Recentemente, o site G1 publicou uma reportagem que retrata bem a escalada de situações desse tipo, desta vez com professores como alvo. Sob o título ‘Vou matar ele logo’, um professor de 37 anos do Distrito Federal relata as ameaças de morte recebidas de alunos em um grupo de mensagens. “Segundo o professor, o caso aconteceu depois que ele repreendeu um estudante por sair da sala de aula sem autorização, no Centro de Ensino Médio 1 de São Sebastião, em abril deste ano”, informa a reportagem.
Cenas como essa ocorrem às centenas diariamente. Elas não surgem do nada – são um espelho da tensão social além dos muros da escola. Incontáveis escolas públicas estão inseridas em contextos de vulnerabilidade onde os conflitos costumam ser resolvidos com violência de todos os tipos, inclusive física. Em parte, isso também se perpetua pela falta de conhecimento sobre outras formas de enfrentamento dos conflitos.

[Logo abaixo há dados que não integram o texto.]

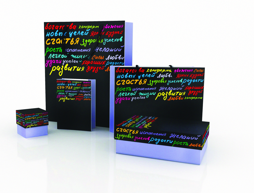 Подарочные совмещают в себе функции упаковки и открытки: на них уже написаны всевозможные пожелания. Для этой серии, выпущенной небольшим тиражом, специально разработан авторский дизайн. Пакеты и коробки отпечатаны с применением лучших полиграфических технологий и заламинированы. На свободном от декора черном поле можно разместить логотип компании, текст или рисунок.Возможные способы и стоимость нанесения логотипа предоставляются по запросу.
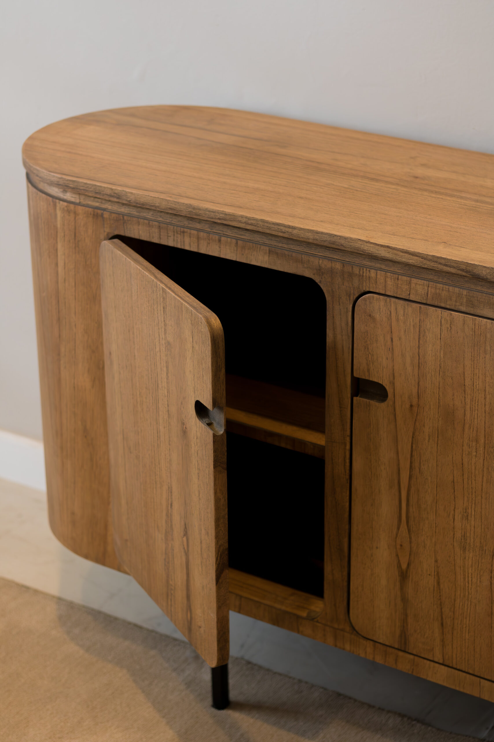 Su estructura sólida y su frente curvo aportan una estética refinada, ideal para livings, comedores o áreas de recepción.
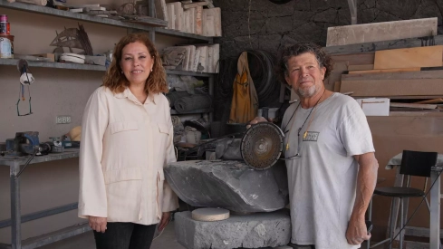La presidenta del Parlamento de Canarias, Astrid Pérez, ha visitado el taller del escultor Paco Curbelo en San Bartolomé (Lanzarote), donde ya ha comenzado a trabajar en la escultura que representará a La Graciosa en la entrada principal de la Cámara autonómica.
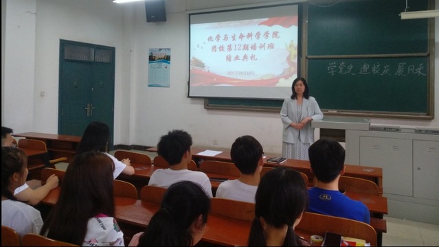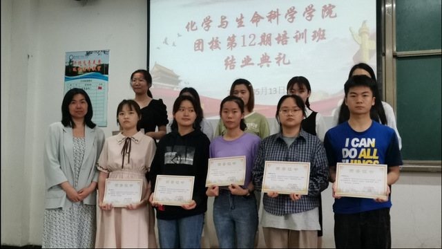 本网讯(通讯员 郑先娅)5月13日下午,我校化学与生命科学学院(以下简称“化生学院”) 团校第12期培训班结业典礼在S6201教室圆满落幕。化生学院党委副书记雷晓林、分团委书记宦忠虎参加本次活动为优秀学员颁奖。
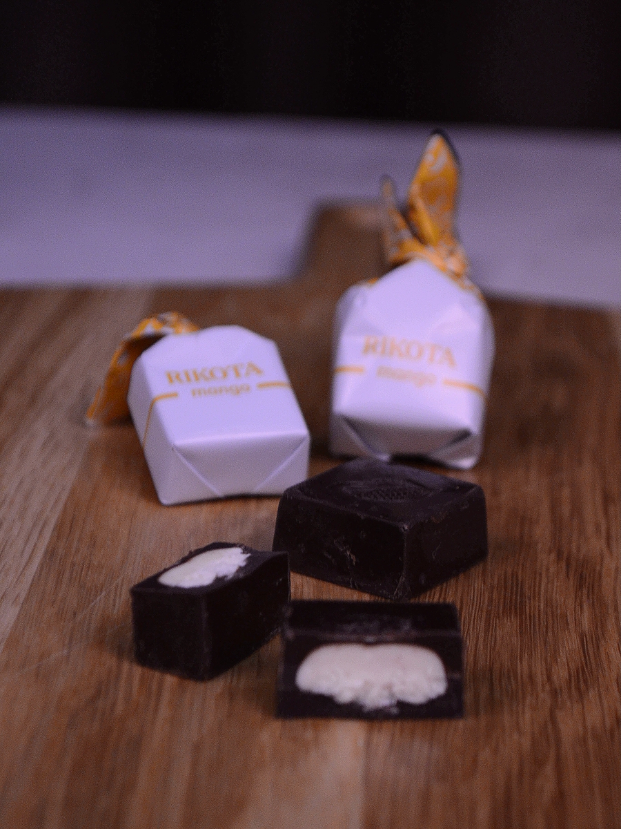 Сочетание нежного вкуса сыра Рикотта с ароматной кислинкой манго, дополненное темной шоколадной глазурью.

O papel da escola na resolução de conflitos
Diante disso, como a sociedade está se posicionando? Por um lado, buscam-se modos “rápidos” e, aparentemente, eficientes para evitar e conter situações de violência. Nessa linha, uma das soluções apresentadas tem sido a conversão de escolas públicas em locais assemelhados aos quartéis. Inspiradas nos modelos de administração militar, e denominadas ‘cívico-militares’, essas escolas foram criadas em 2019 por um decreto federal. Embora esse decreto tenha sido revogado por outro em 2023, estados como São Paulo e Amazonas, entre outros, estão criando programas e escolas com esse perfil.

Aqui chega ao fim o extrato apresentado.